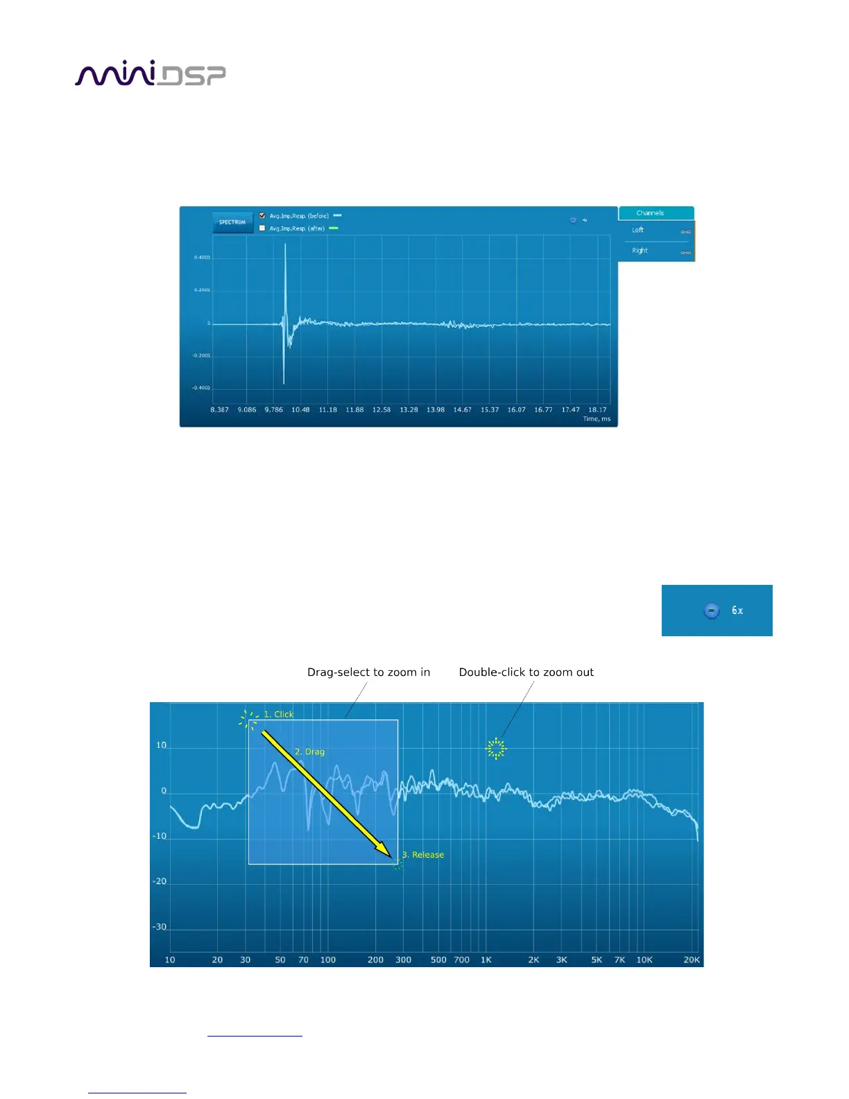 The magnitude and impulse response graphs can be viewed at a larger scale. To zoom in and out on the
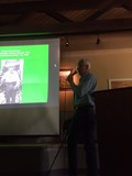 En photo, Bob présentant la vie de Pierre Charouleau lors d’une conférence à la société Historique de Tucson
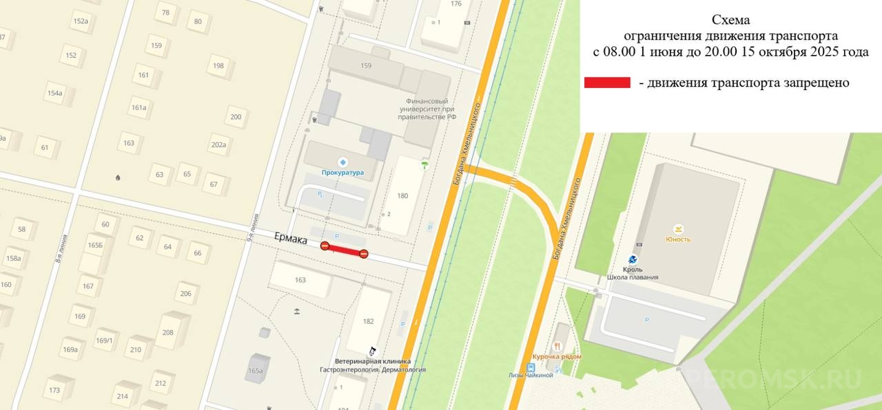 «Для проведения ремонтных работ на подземных инженерных коммуникациях тепловых сетей будет прекращено движение транспортных средств с 8:00 часов 1 июня до 20:00 часов 15 октября по улице Ермака, на участке дороги от жилого дома № 182 по улице Богдана Хмельницкого до жилого дома № 163 по улице 9-й линии», – говорится в сообщении омского дептранса.
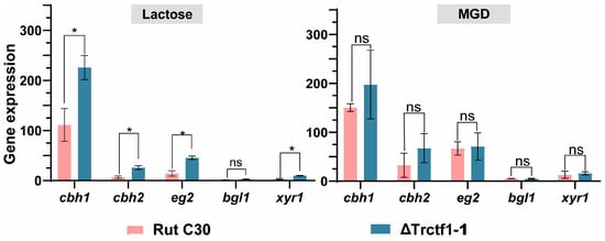- Ivanova, C.; BååTH, J.A.; Seiboth, B.; Kubicek, C.P. Systems analysis of lactose metabolism in Trichoderma reesei identifies a lactose permease that is essential for cellulase induction. PLoS ONE 2013, 8, e62631. [Google Scholar] [CrossRef] [PubMed]
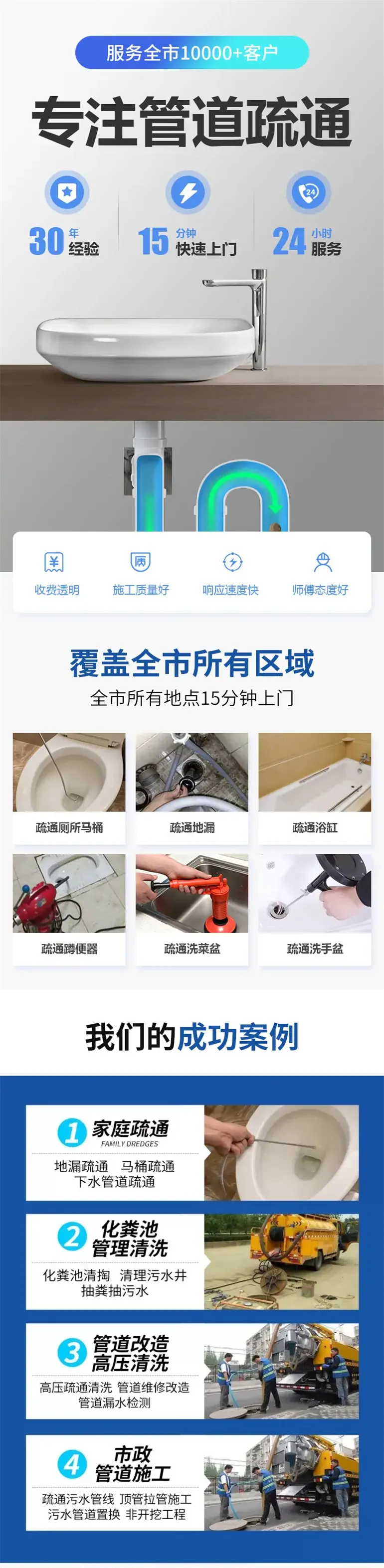 ✅ 厨房下水道疏通(油污、菜渣、结块堵塞)
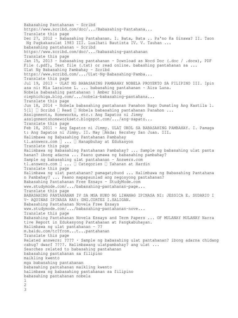 Contextual translation of ulat pambahay tagalog examples into English. Ni Severino Reyes Muling isinalaysay ni Christine S. Biographies of Filipino national heroes and other famous people in Philippine history that are written both in Tagalog and English are also available.
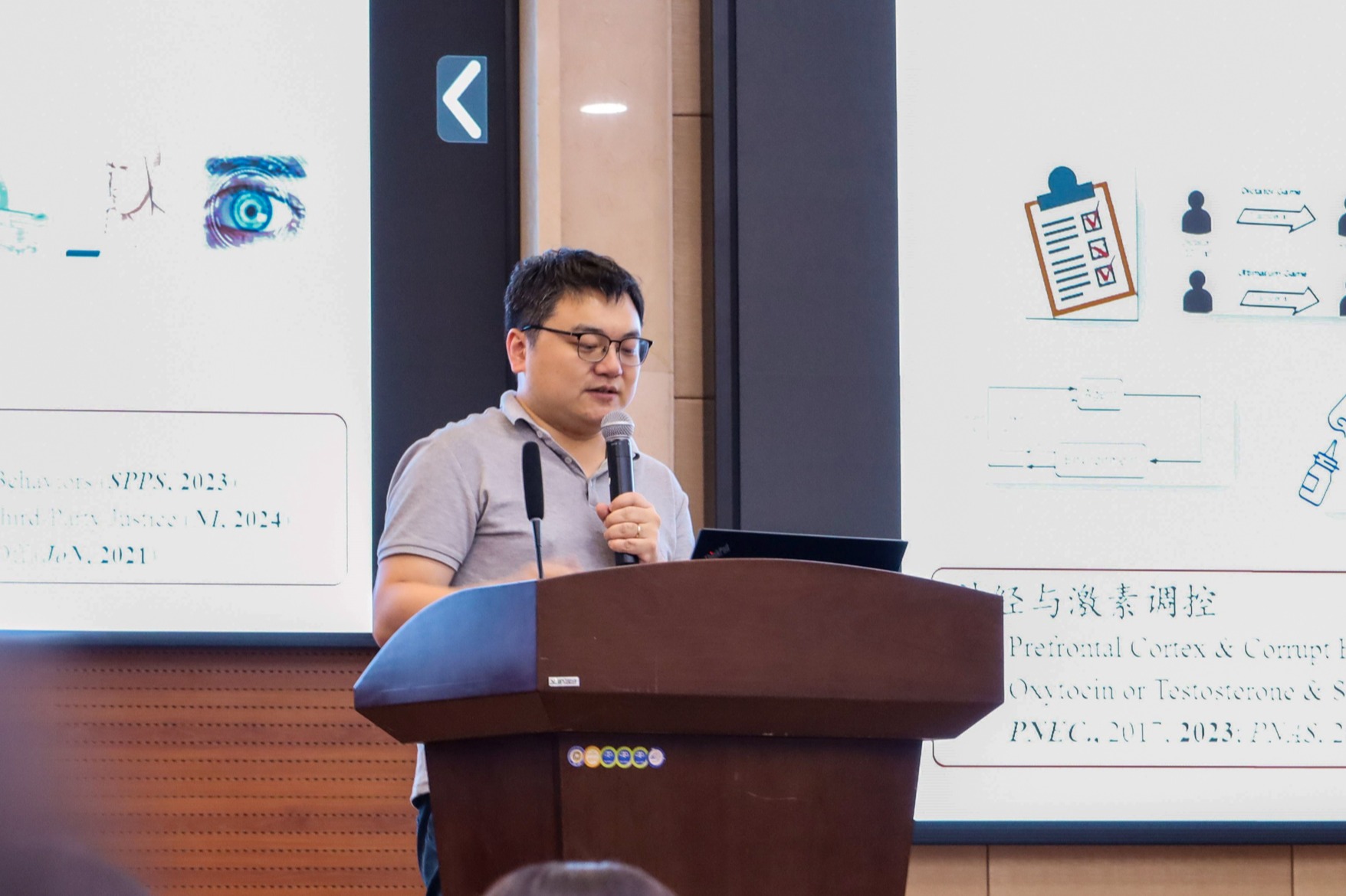 华东师大心理与认知科学学院胡捷研究员作题为《财富再分配的认知神经机制》的专题报告。结合认知计算建模方法和神经成像技术,胡捷研究员通过两项实证研究,从个体层面揭示了财富再分配行为背后的不同动机及其相应的神经基础,并探讨了不同财富来源对财富再分配行为的影响。
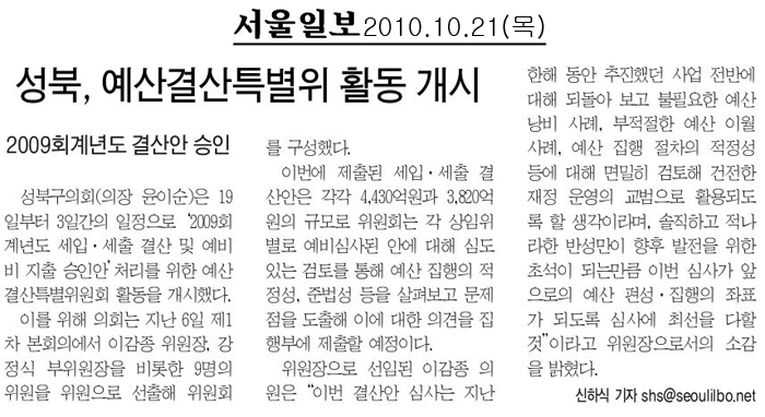 | 다음글 | 2010. 10. 28(목) 성북신문 보도내용 |
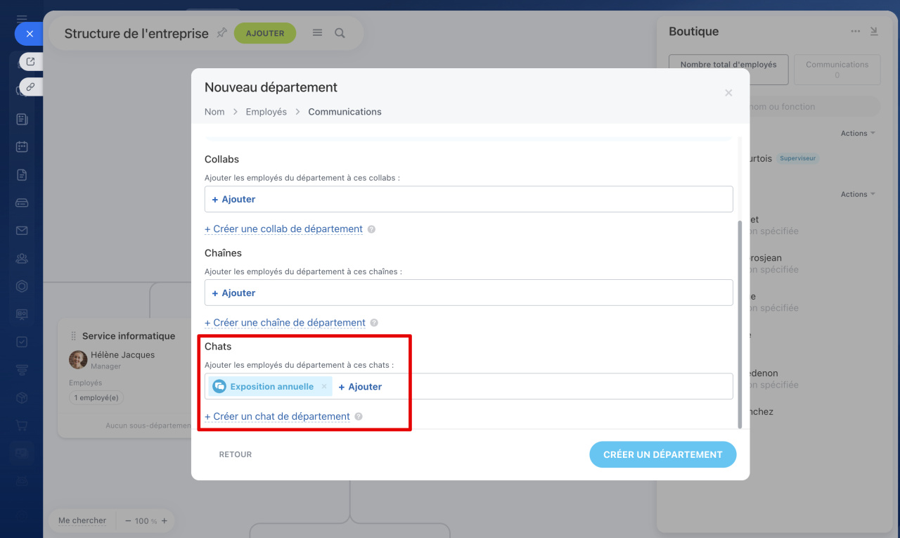 Ajouter un département à une discussion ou une chaîne dans Bitrix24
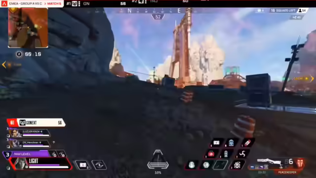 03:28:32Match 5 beginnt mit der erwarteten Rampart-Dominanz, nachdem Sparrow im vorherigen Match gesperrt wurde. Es wird erwartet, dass Catalyst in Match 6 eine größere Rolle spielen wird. Alliance gerät unter Druck von Killer Whales und muss sich stabilisieren. Einige Teams setzen auf ungewöhnliche Legendenkombinationen wie Mad Maggie, Vantage, Lifeline und Gibraltar. Alliance gewinnt den Kampf gegen Killer Whales und nimmt ihnen den Trident ab. FUL, die im vorherigen Spiel erfolgreich waren, müssen sich nun weiter nach Norden bewegen, um im Spiel zu bleiben. Viele Teams erkennen, dass nicht jeder Kampf es wert ist, geführt zu werden, und dass es manchmal besser ist, eine vorteilhaftere Position einzunehmen. Navi bewegt sich in Richtung Elrod, während Alliance nach dem Sieg über Killer Whales eine Zipline nutzt, um sich neu zu positionieren.
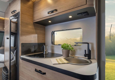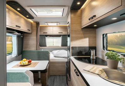 Overdag dient het grote U-vormige zitgedeelte met ramen aan alle zijden als het centrale ontmoetingspunt voor het hele gezin. Direct naast de keuken biedt de lichte en luchtige zithoek voldoende ruimte om samen te eten of de hele middag spelletjes te spelen. Het goed ontworpen interieur beschikt ook over voldoende opbergruimte: wandunits met soft-close-mechanismen, een verlichte kast, compartimenten onder de zithoek en ruime garages zorgen ervoor dat al uw reisuitrusting veilig opgeborgen kan worden
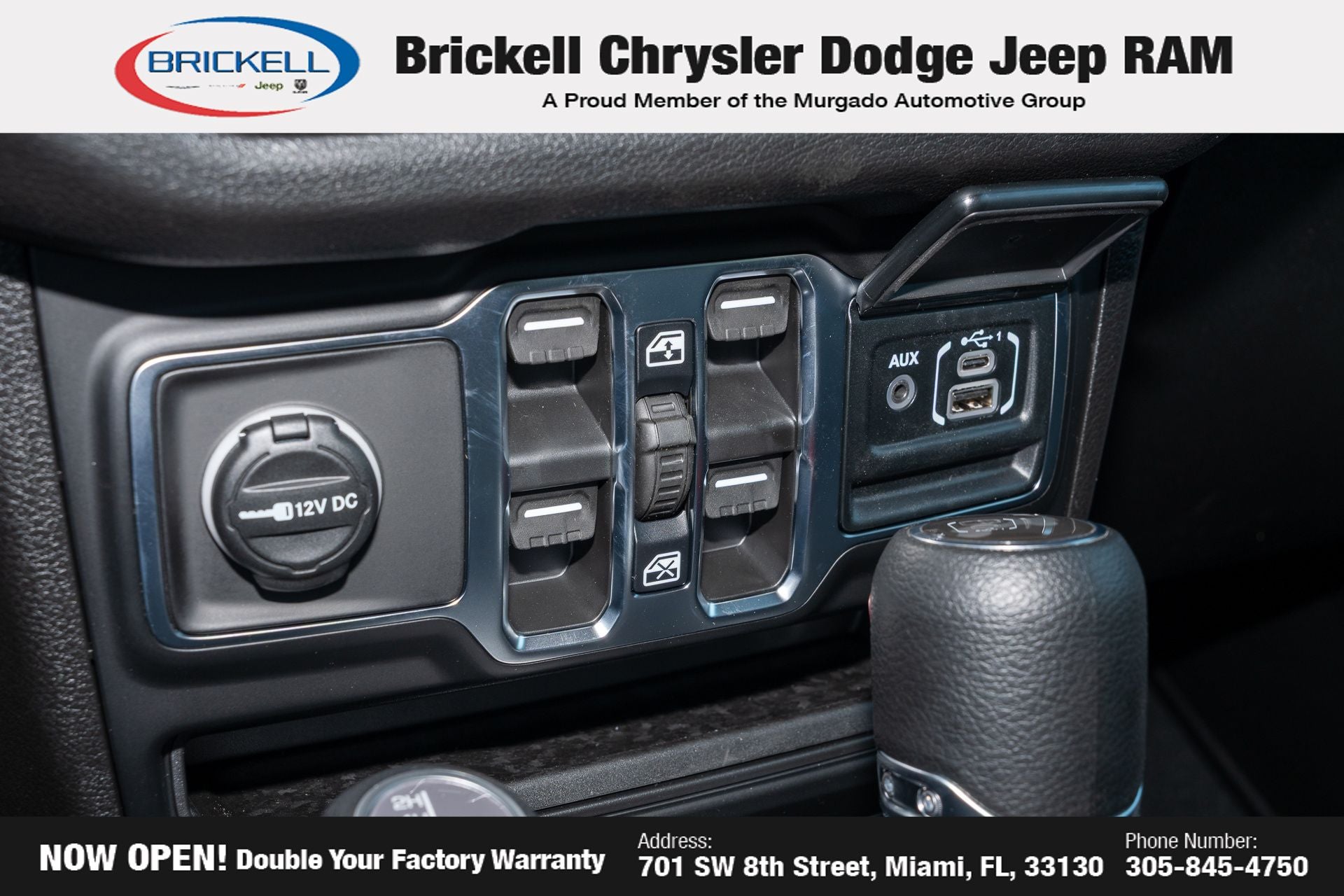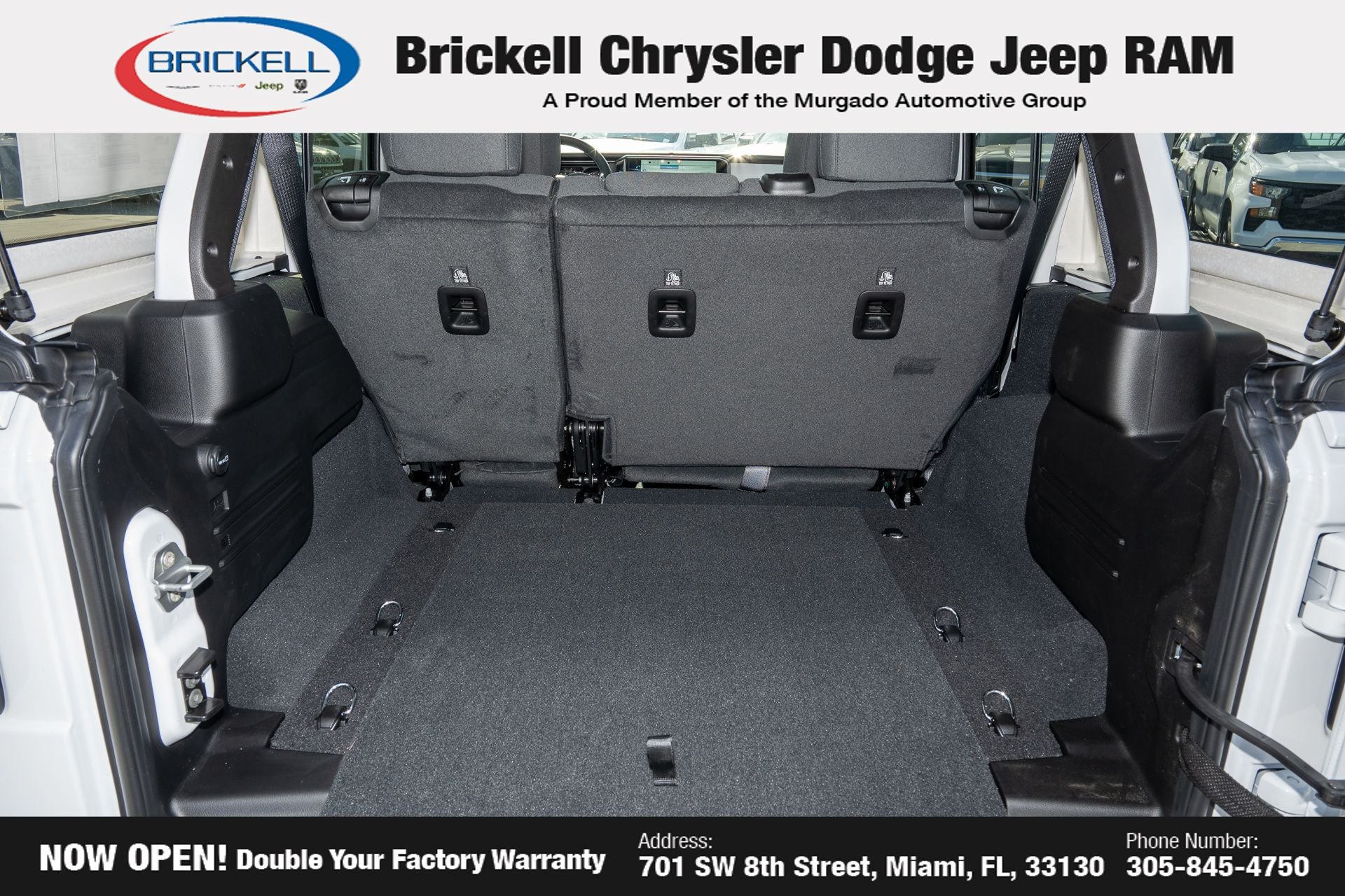 Price includes: $500 - 2026 National 2026 Military Bonus Cash . Exp. 01/04/2027 Discover Your Next Vehicle at Brickell Chrysler Dodge Jeep Ram Welcome to Brickell CDJR, where we go beyond selling cars. We double the factory powertrain warranty, giving you added peace of mind. Our dealership offers one of the largest new car inventories in the region, ensuring you find the right vehicle Prices displayed do not included our Perma-plate. Our state-of-the-art service department is the largest in the country and is open seven days a week from 7 AM to 9 PM. Visit us at 701 SW 8th St, Miami, FL 33130, or call 305-777-2800 to learn more and schedule a test drive. The displayed price includes an incentive for financing with Brickell CDJR Finance Company. Outside financing and bank drafts are not accepted. All pre-owned vehicle exports are subject to an export fee. Prices apply only to customers who live, work, or worship in Broward, Miami-Dade, Palm Beach, Monroe, Collier, Hendry, Lee, Glades, Martin, St. Lucie, Okeechobee, Manatee, Hillsborough, Osceola, or Orange County. Customers outside these counties will pay an additional $ Taxes, title, registration, and dealer fees apply. Factory MSRP: $49,135 Bright White Clearcoat 2026 Jeep Wrangler Sport S 4WD 8-Speed Automatic 3.6L V6 24V VVT
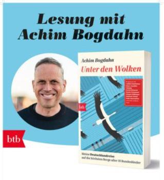 Achim Bogdahn, bekannter Moderator aus dem Bayerischen Rundfunk, besteigt in seinem Buch "Unter den Wolken" die höchsten Berge unserer 16 Bundesländer. In jeder Region wird er von einer bekannten Persönlichkeit begleitet- von Rocko Schamoni (Schleswig-Holstein), über Margot Käßmann (Niedersachsen) bis hin zu Felix Neureuther (Bayern) oder Mehmet Scholl (Baden-Württemberg).
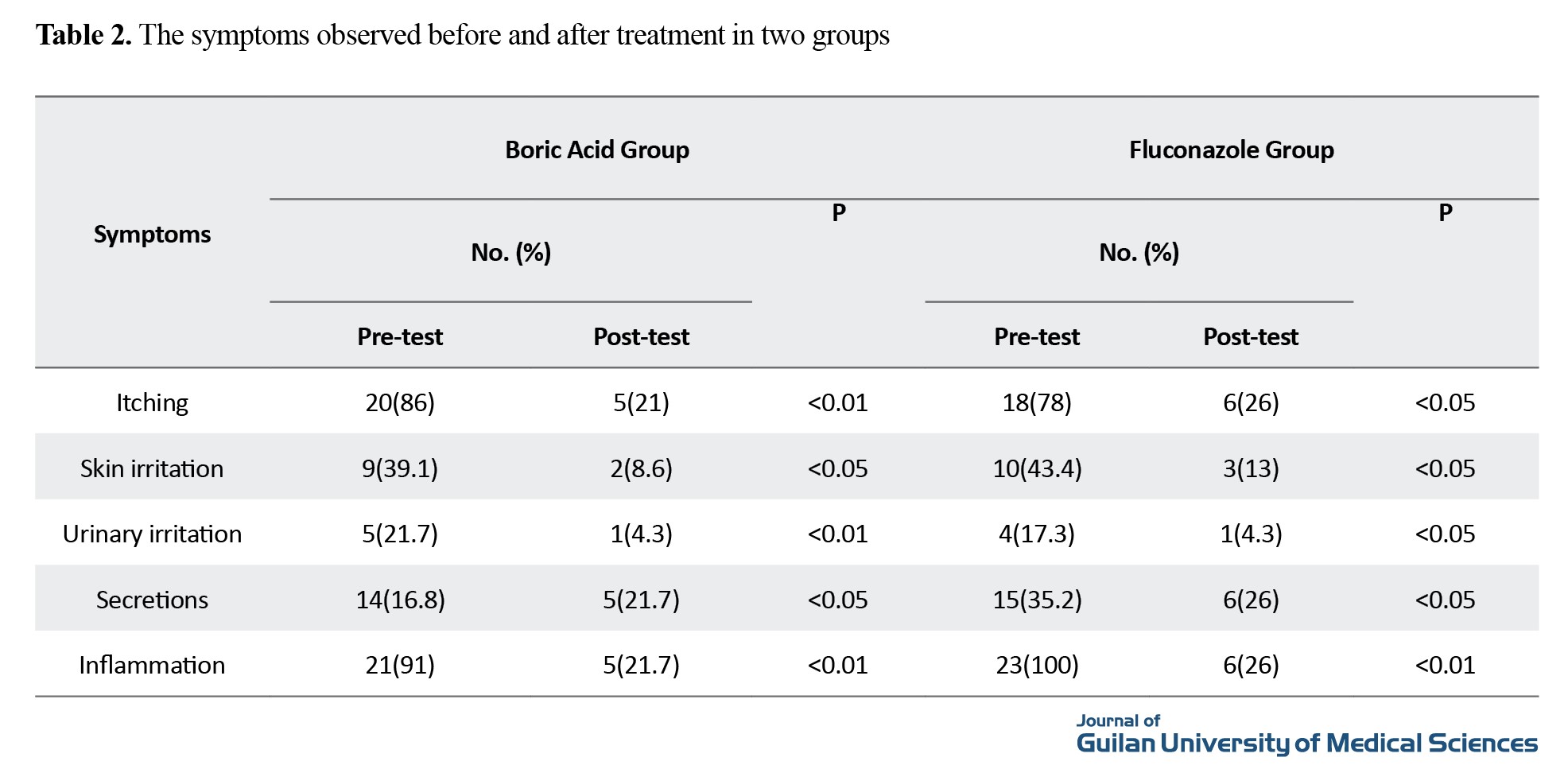 Table 1, and the prevalence of symptoms before and after treatment in both groups is shown in
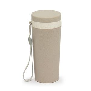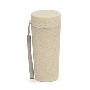 Descrição: Copo fibra de bambu 350ml com parede dupla e alça. Copo produzido em Polipropileno livre de BPA, possui uma tampa de vedação rosqueável e alça de nylon (removível) para transporte. Conserva a temperatura interna durante um período de 1 à 2 hora

———

▶ **Task**
Only the lines from the start of the records above through the line containing "Ajouter un département" should be returned, exactly and with both ends, please; the pictures stay out.

▶ **The answer**
 The magnitude and impulse response graphs can be viewed at a larger scale. To zoom in and out on the
 En photo, Bob présentant la vie de Pierre Charouleau lors d’une conférence à la société Historique de Tucson
 «Для проведения ремонтных работ на подземных инженерных коммуникациях тепловых сетей будет прекращено движение транспортных средств с 8:00 часов 1 июня до 20:00 часов 15 октября по улице Ермака, на участке дороги от жилого дома № 182 по улице Богдана Хмельницкого до жилого дома № 163 по улице 9-й линии», – говорится в сообщении омского дептранса.
- Ivanova, C.; BååTH, J.A.; Seiboth, B.; Kubicek, C.P. Systems analysis of lactose metabolism in Trichoderma reesei identifies a lactose permease that is essential for cellulase induction. PLoS ONE 2013, 8, e62631. [Google Scholar] [CrossRef] [PubMed]
 ✅ 厨房下水道疏通(油污、菜渣、结块堵塞)
 Contextual translation of ulat pambahay tagalog examples into English. Ni Severino Reyes Muling isinalaysay ni Christine S. Biographies of Filipino national heroes and other famous people in Philippine history that are written both in Tagalog and English are also available.
 华东师大心理与认知科学学院胡捷研究员作题为《财富再分配的认知神经机制》的专题报告。结合认知计算建模方法和神经成像技术,胡捷研究员通过两项实证研究,从个体层面揭示了财富再分配行为背后的不同动机及其相应的神经基础,并探讨了不同财富来源对财富再分配行为的影响。
 | 다음글 | 2010. 10. 28(목) 성북신문 보도내용 |
 Ajouter un département à une discussion ou une chaîne dans Bitrix24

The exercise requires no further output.